Because 19s are pretty much useless. 20s Are as big as anyone wants to go, and if you want to save some of your comfort level, 18s are where it's at. Not to mention, having to search for tires for 19s sucks.


----------



## H3LLON3ARTH (Dec 16, 2011)

Yup the hunt is still on which means I can buy the tune. Yes boats im buying it finally 

h3llion


----------



## boats4life (May 28, 2011)

LMAO, Good! Took you long enough, lol.


----------



## H3LLON3ARTH (Dec 16, 2011)

Yea I know and on the rims can someone close this thread for me ill hunt and probebly start a new one for a group buy threw discount or tire rack hopefully 

h3llion


----------



## Smurfenstein (Nov 16, 2011)

Ok, just got through your photoshop thread Boats, and there are no Katana wheels, let alone this one in particular.

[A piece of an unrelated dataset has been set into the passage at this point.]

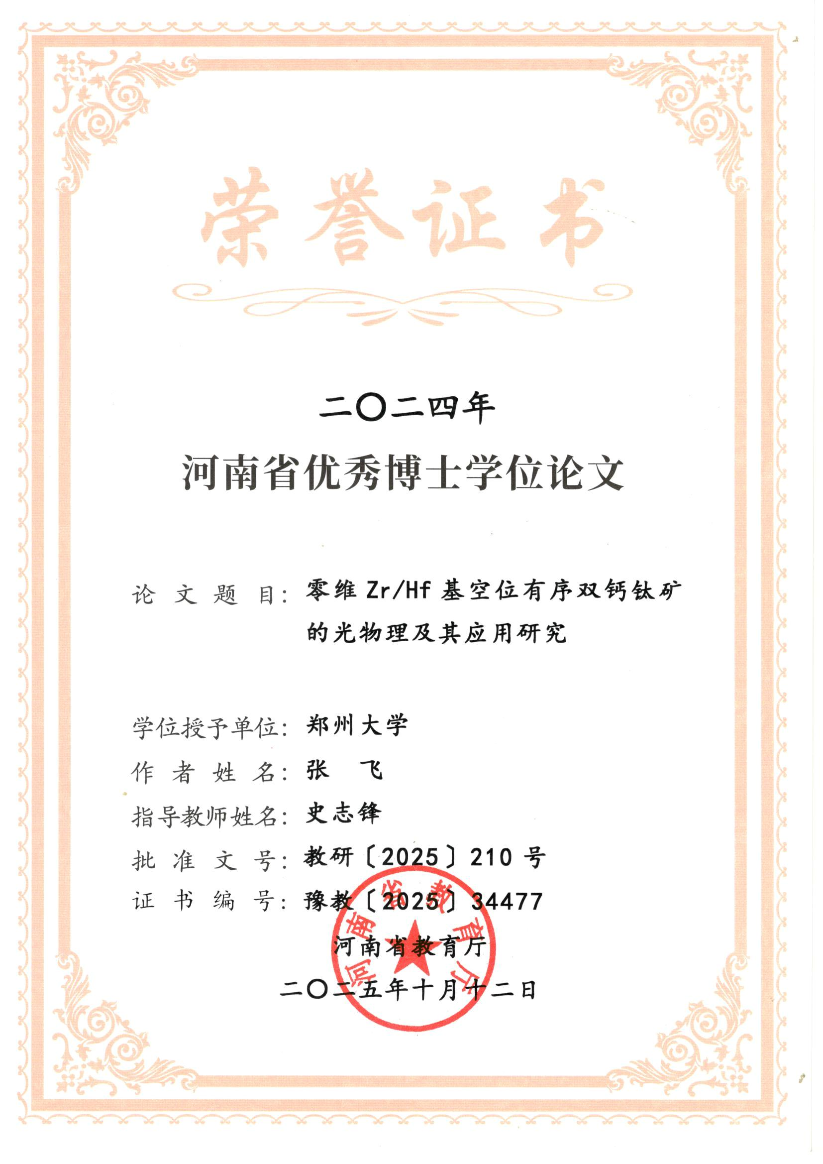 近日,河南省教育厅、河南省学位委员会公布了2024年省级优秀博士、硕士学位论文获奖名单,由课题组史志锋教授指导的2024届凝聚态物理专业博士生张飞、硕士生林帅领完成的学位论文荣评2024年河南省优秀学位论文。

Granted that there was a similar request in which someone asked for black rims with a red line on their Red RS Cruze, but they were a different brand of wheels, and the picture wasn't big/clear enough to distinguish what type of spokes it had.


----------



## limited360 (May 6, 2011)

boats4life said:


> Because 19s are pretty much useless. 20s Are as big as anyone wants to go, and if you want to save some of your comfort level, 18s are where it's at. Not to mention, having to search for tires for 19s sucks.


I really enjoyed the 19's on my Lincoln LS... I would roll 19's in a heart beat on my cruze as I think 20's is just to much and 18's isn't enough!!


----------